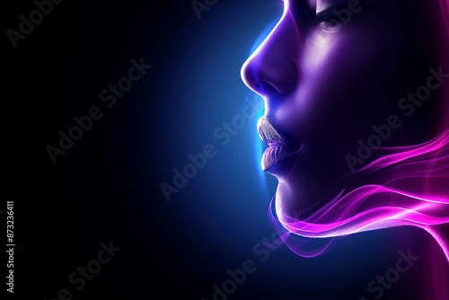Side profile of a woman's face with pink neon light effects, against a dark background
...
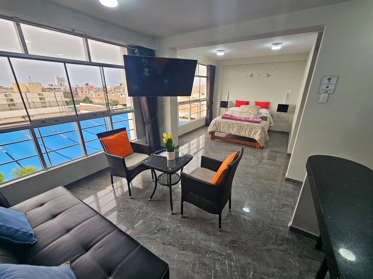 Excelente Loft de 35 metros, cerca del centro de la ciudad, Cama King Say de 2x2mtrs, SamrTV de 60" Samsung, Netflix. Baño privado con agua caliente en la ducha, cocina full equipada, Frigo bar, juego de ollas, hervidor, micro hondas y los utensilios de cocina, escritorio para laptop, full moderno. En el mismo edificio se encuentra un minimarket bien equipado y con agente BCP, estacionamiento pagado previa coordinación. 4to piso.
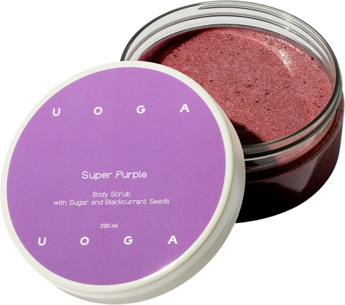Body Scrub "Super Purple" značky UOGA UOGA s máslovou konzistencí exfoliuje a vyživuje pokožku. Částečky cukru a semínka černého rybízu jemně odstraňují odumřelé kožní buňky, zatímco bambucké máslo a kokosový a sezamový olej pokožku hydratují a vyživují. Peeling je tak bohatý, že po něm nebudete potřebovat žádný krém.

## ASSIGNMENT
Only the lines above starting with the line with "Excelente Loft de" and going on through the line with "potřebovat žádný krém." belong in the answer; repeat them exactly, minus any picture.

## REPLY TO THE TASK
 Excelente Loft de 35 metros, cerca del centro de la ciudad, Cama King Say de 2x2mtrs, SamrTV de 60" Samsung, Netflix. Baño privado con agua caliente en la ducha, cocina full equipada, Frigo bar, juego de ollas, hervidor, micro hondas y los utensilios de cocina, escritorio para laptop, full moderno. En el mismo edificio se encuentra un minimarket bien equipado y con agente BCP, estacionamiento pagado previa coordinación. 4to piso.
Body Scrub "Super Purple" značky UOGA UOGA s máslovou konzistencí exfoliuje a vyživuje pokožku. Částečky cukru a semínka černého rybízu jemně odstraňují odumřelé kožní buňky, zatímco bambucké máslo a kokosový a sezamový olej pokožku hydratují a vyživují. Peeling je tak bohatý, že po něm nebudete potřebovat žádný krém.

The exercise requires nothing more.